--- Material provided ---

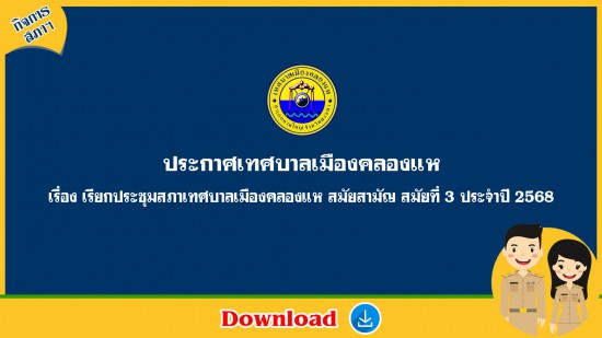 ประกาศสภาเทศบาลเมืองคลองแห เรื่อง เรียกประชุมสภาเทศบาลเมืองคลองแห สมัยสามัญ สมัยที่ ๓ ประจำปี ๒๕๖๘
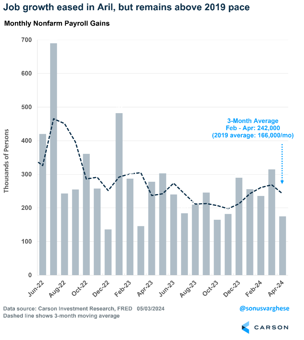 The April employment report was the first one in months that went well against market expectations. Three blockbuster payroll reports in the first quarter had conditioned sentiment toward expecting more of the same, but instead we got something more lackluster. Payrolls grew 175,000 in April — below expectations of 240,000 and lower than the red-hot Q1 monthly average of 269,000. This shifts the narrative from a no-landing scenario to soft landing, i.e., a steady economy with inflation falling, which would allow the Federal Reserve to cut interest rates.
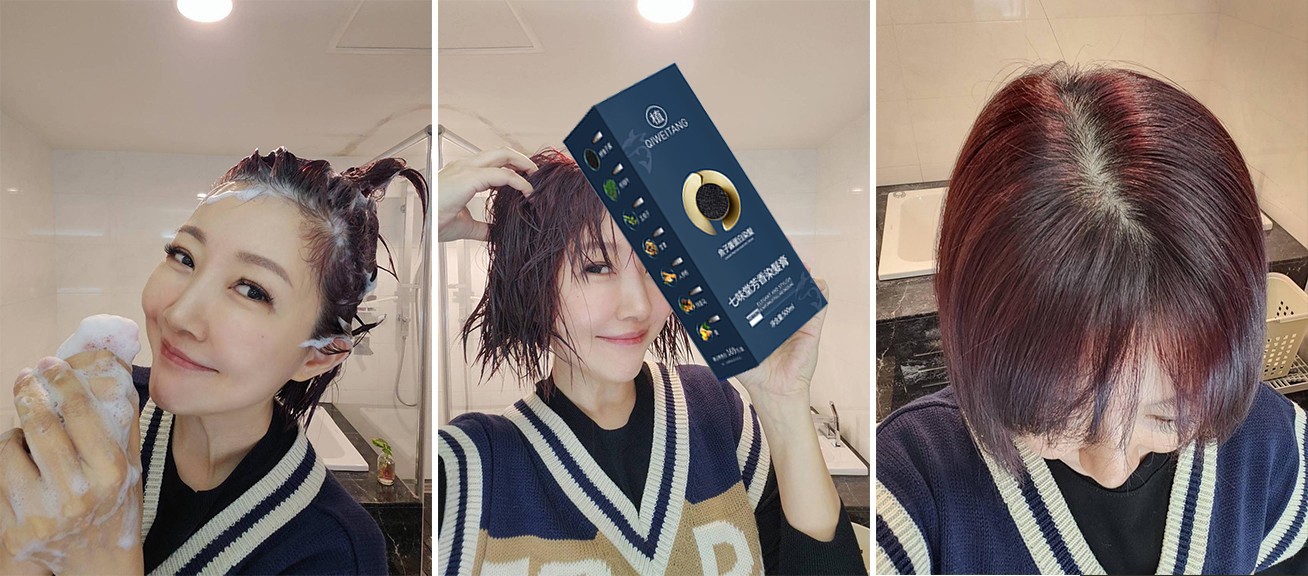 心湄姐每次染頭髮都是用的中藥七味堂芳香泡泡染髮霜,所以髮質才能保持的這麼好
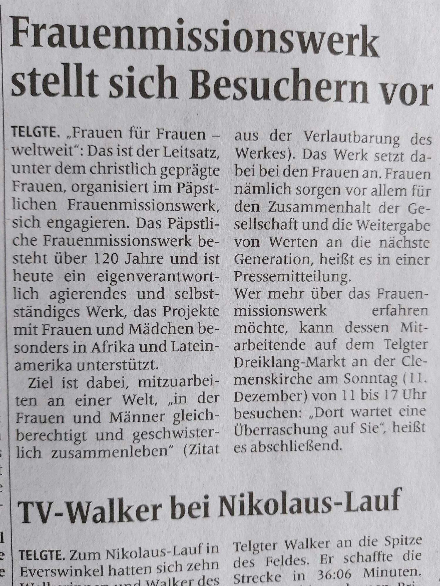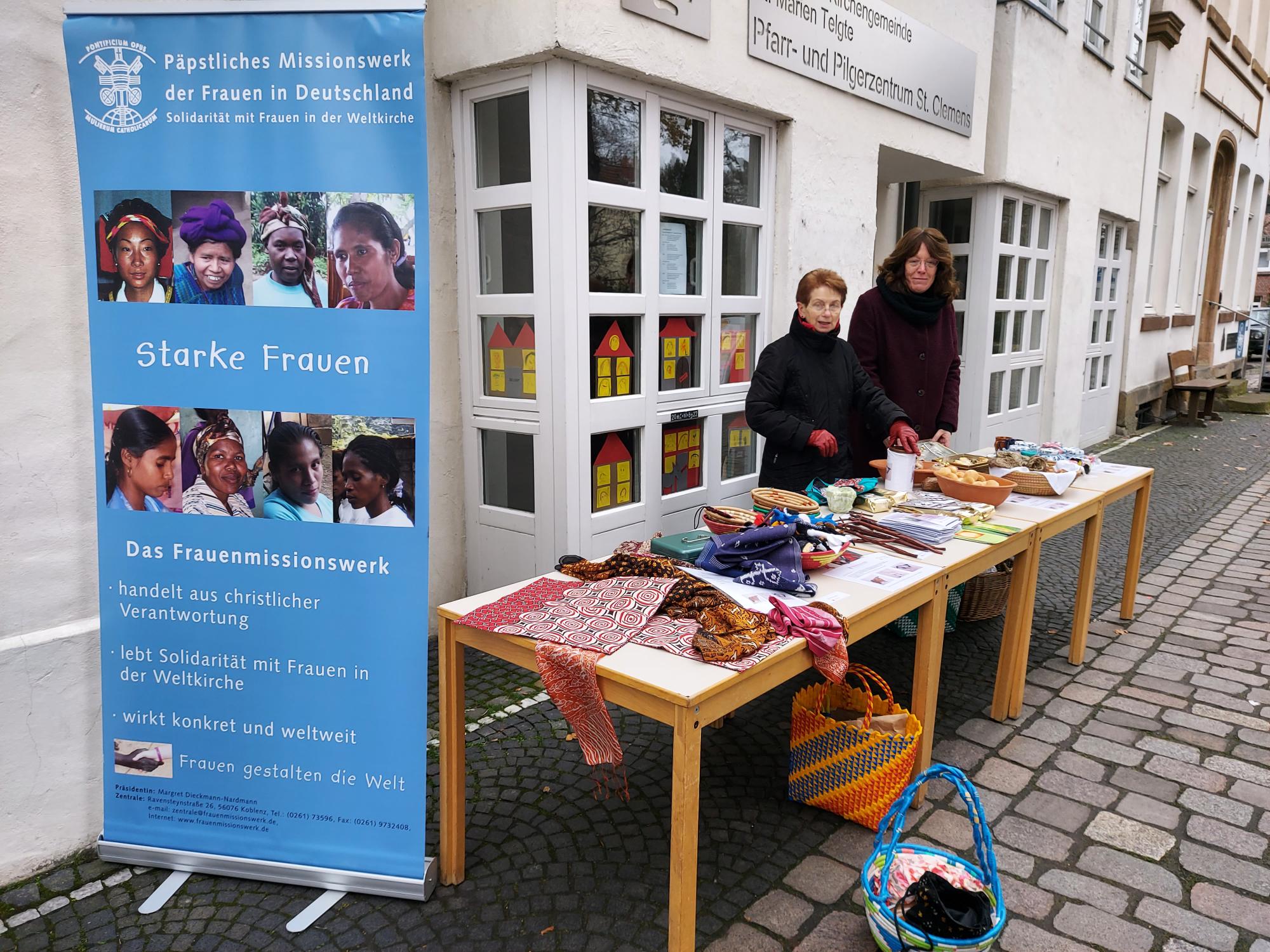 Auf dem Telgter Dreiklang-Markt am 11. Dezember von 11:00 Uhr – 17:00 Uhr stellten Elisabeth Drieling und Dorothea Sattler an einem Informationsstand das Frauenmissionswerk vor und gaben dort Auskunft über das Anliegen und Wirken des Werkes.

---
--- Material provided ---

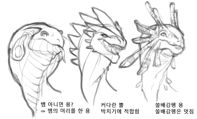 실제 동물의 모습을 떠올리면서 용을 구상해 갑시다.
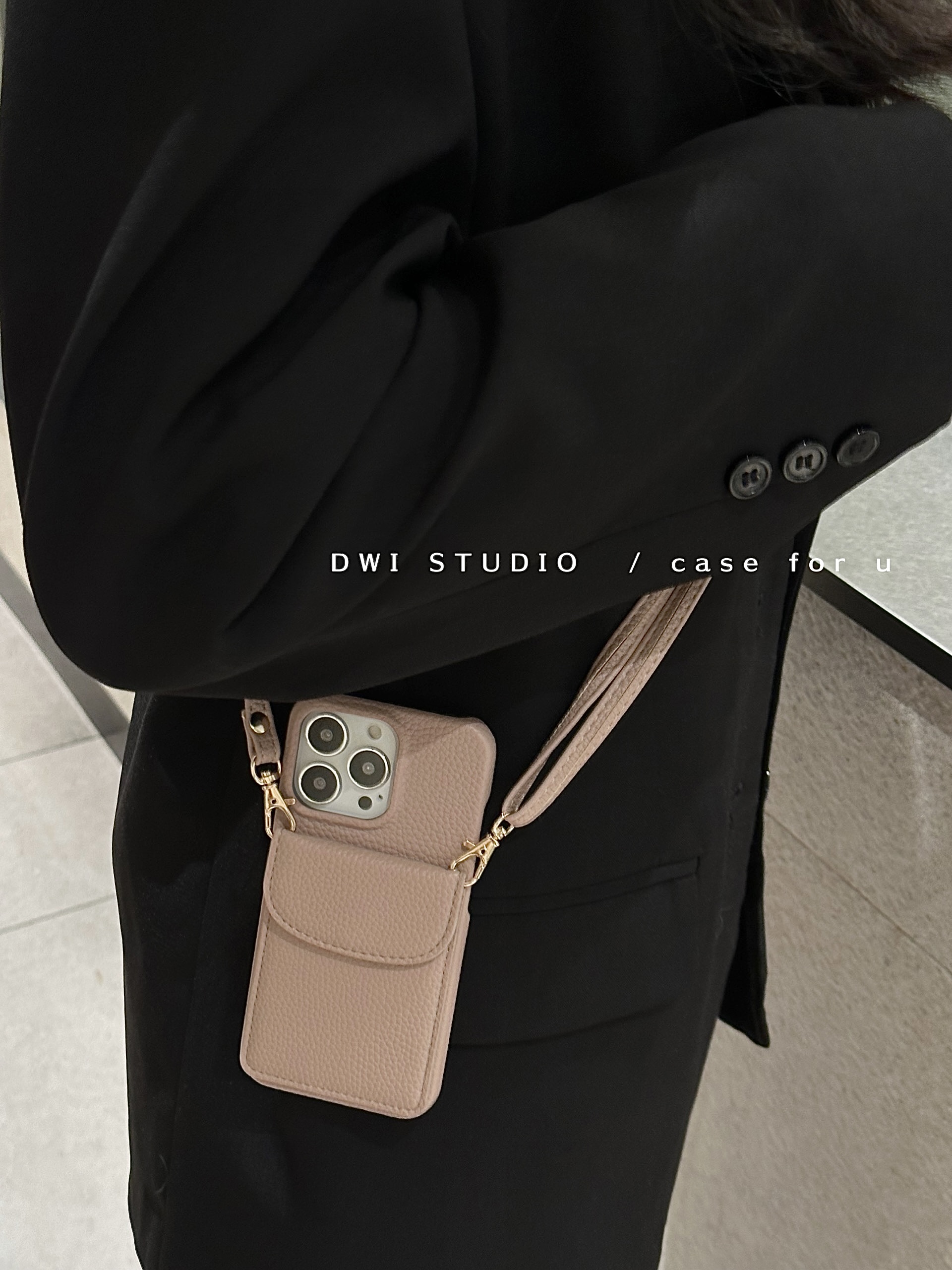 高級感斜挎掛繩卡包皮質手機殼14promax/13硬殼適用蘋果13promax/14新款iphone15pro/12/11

---

Instructions to follow:
In the listing above, find the line containing "๓ ประจำปี ๒๕๖๘" and the line containing "心湄姐每次染頭髮都是用的中藥七味堂芳香泡泡染髮霜,所以髮質才能保持的這麼好". Print those two lines and every line between them exactly, with no pictures.

Solution to this task:
 ประกาศสภาเทศบาลเมืองคลองแห เรื่อง เรียกประชุมสภาเทศบาลเมืองคลองแห สมัยสามัญ สมัยที่ ๓ ประจำปี ๒๕๖๘
 The April employment report was the first one in months that went well against market expectations. Three blockbuster payroll reports in the first quarter had conditioned sentiment toward expecting more of the same, but instead we got something more lackluster. Payrolls grew 175,000 in April — below expectations of 240,000 and lower than the red-hot Q1 monthly average of 269,000. This shifts the narrative from a no-landing scenario to soft landing, i.e., a steady economy with inflation falling, which would allow the Federal Reserve to cut interest rates.
 心湄姐每次染頭髮都是用的中藥七味堂芳香泡泡染髮霜,所以髮質才能保持的這麼好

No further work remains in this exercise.